Еще с мамой и Клопом жила бабушка. Она, как слышала от кого-то Клоп, впала в детство, наверное, потому, что тоже забыла свое имя, писалась в штаны и тащила в рот все подряд. Если мама возвращалась домой засветло, то вытирала лужи на полу, потом оттаскивала бабушку за печку, где та спала на раскладушке, колотила ее и кричала:
- Тварюга ты! Выкину я тебя под забор и подыхай там!
Самое обидное, что бабушка съедала картошку, хлеб и ириски, оставленные для Клопа. Девочке приходилось голодать до самого вечера, впрочем, вечером ей тоже мало что доставалось, если только горбушка или килька, которые перепадали от маминых дядей. Клоп сначала жаловалась на бабушкино воровство, и тогда мама била бабушку кочергой, особенно за найденную и выпитую ею горькую водичку, что была припрятана где-нибудь в доме. Без горькой водички ни бабушка, ни мама прожить не могли, и обе становились чудными, если водичка заканчивалась. Бабушка ползала на четвереньках и громко скулила. А мама орала и била все, что попадется под руку, больше всех доставалась Клопу.
- Ах, ты, жучара колорадская! Ах ты, клоп матрацный! Спиногрыз недоделанный! Где мамкино лекарство! Убью! – и тоже колотила Клопа кочергой.
Однажды, пока все спали, Клоп утащила кочергу и спрятала в кустах за домом, но это не спасло – кулаки-то у мамки никуда не делись.
Была еще беда - бабушка отрывала от кукол головы и куда-то утаскивала их. Клоп, обыскав весь дом и, ничего не найдя, со слезами жаловалась маме.
- И чё? – раздраженно отмахивалась та. – Иди вон, попроси боженьку, чтобы поскорее прибрал твою бабку.
Но Клоп боялась боженьки, тот очень строго смотрел на нее с картинки, что висела над столом, словно упрекал – я все вижу и знаю, как ты бабку по пузу бьешь за то, что она сахар твой ворует. И Клопу ничего не оставалось делать, как похоронить кукол без голов за сараем. На могилки укладывались цветочки и конфеты, которые потом съедались со словами:
- Боженька, прости меня, ты не думай, я не жадная, я съем только одну конфетку. Ладно?

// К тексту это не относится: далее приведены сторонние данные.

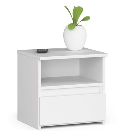 Nočný stolík Crispian (biela) je štýlový a praktický kúsok nábytku pre vašu spálňu. S rozmermi výška 40 cm, šírka 40 cm a hĺbka 35 cm, tento stolík je ideálny ako nočný stolík pri posteli. Jeho biela farba pridáva do miestnosti sviežosť a eleganciu. S dostatočným úložným priestorom vo forme jedného zásuvky a otvoreného regálu, môžete na ňom uschovať svoje obľúbené knihy, brýle či telefón. Nočný stolík Crispian (biela) je vyrobený z kvalitných materiálov, čo zaručuje dlhú životnosť a odolnosť produktu. Svojou jednoduchosťou a funkčnosťou je tá správna voľba pre vás, ak hľadáte moderný a praktický kúsok nábytku do svojej spálne.

За сараем, подле кучи дров, было секретное местечко Клопа. Там хранились: ржавая коляска без колес, дырявый кораблик, веревки от качелей, безногая деревянная лошадка и пустой телевизор. Клоп сама придумывала для него картинки – клала цветы, камушки, фантики от конфет, и получалась сказка – то печальная, то радостная, но в ней всегда у лошадки вырастала новая нога, коляска ездила, кораблик плыл, а качели весело раскачивались в саду на ветках яблони.

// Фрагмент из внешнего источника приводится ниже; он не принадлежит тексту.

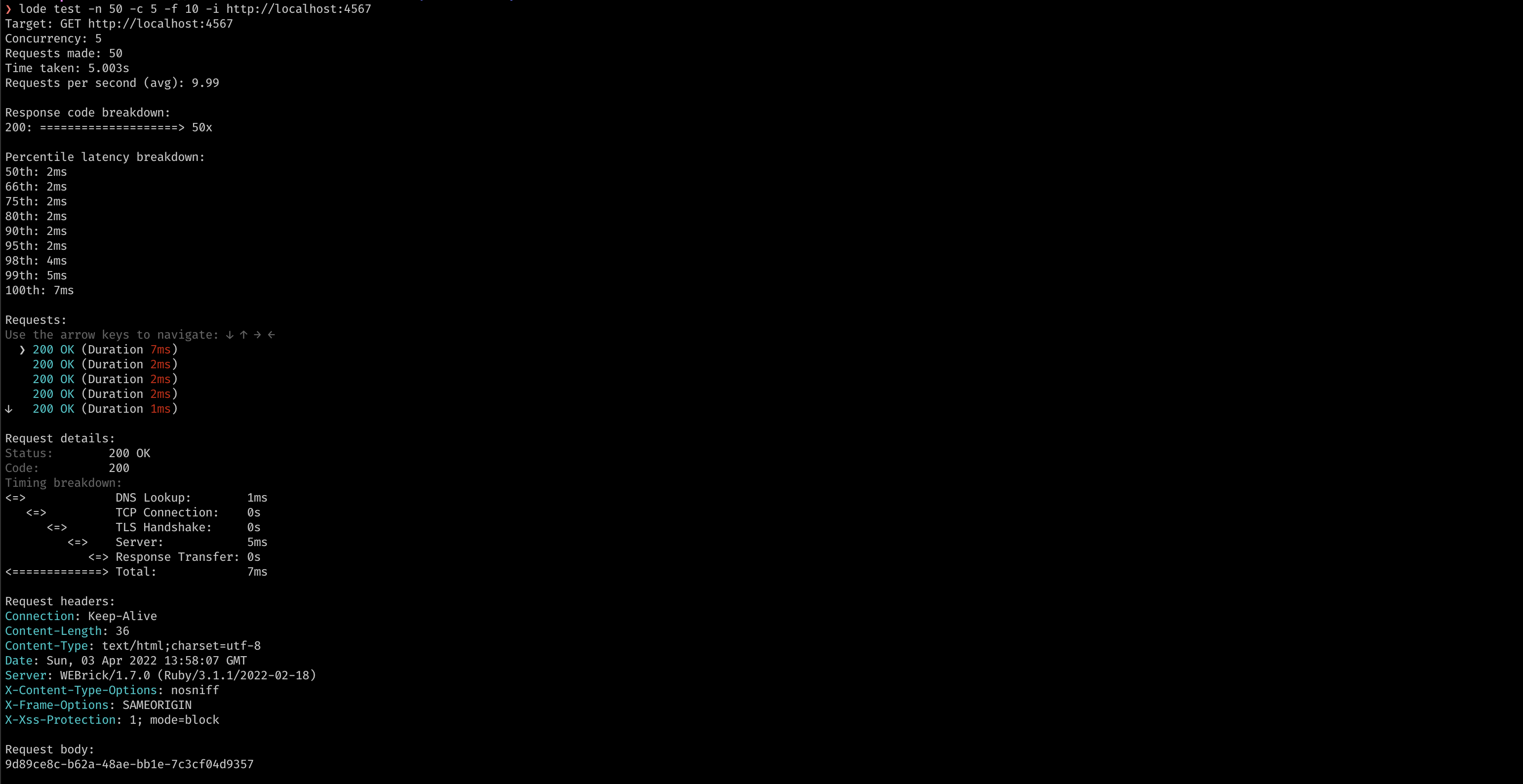 ❯ lode test --freq=20 -c 8 -l 5s http://my.example.service

Наступила весна, и бабушку переселили в сарай. Мама еще грозилась:
- Будешь свинячить, и тебя с бабкой запру.
Бабушка часто плакала, будто скулила. Если кто-нибудь из людей, проходивших мимо дома, спрашивал: «Кто у вас все время скулит?», мама отвечала: «Да это сука какая-то приблудилась и выродила кутят». И предлагала: «Щенок не нужен?» Щенки никому не были нужны, и люди шли дальше. А Клоп подходила к сараю и сквозь щели высматривала собачку.
- А где собачка, мам? Где кутята? Покажи мне.
- Чё? Какая собачка? – не понимала мама. – Пошла отседа, тварь колорадская!
Однажды Клоп обнаружила дверь в сарай открытой. Бабушкина раскладушка была перевернута, одеялко скомкано, миска с супом не тронута, воняло так… фу. И никого. Ни в доме, ни на дворе бабушки не нашлось, а калитка была заперта на щеколду.
Клоп испугалась и растолкала спящую на терраске маму:
- А кто бабушку утащил?
- Чё?
- Кто бабушку утащил?
- Черти уперли бабку твою. Будешь плохо себя вести, и тебя упрут.
- А как?
- Чё как?
- Как упрут?
- Вот если воронку свою не закроешь, то прям счас и упрут, - обещала мама. – Отвали!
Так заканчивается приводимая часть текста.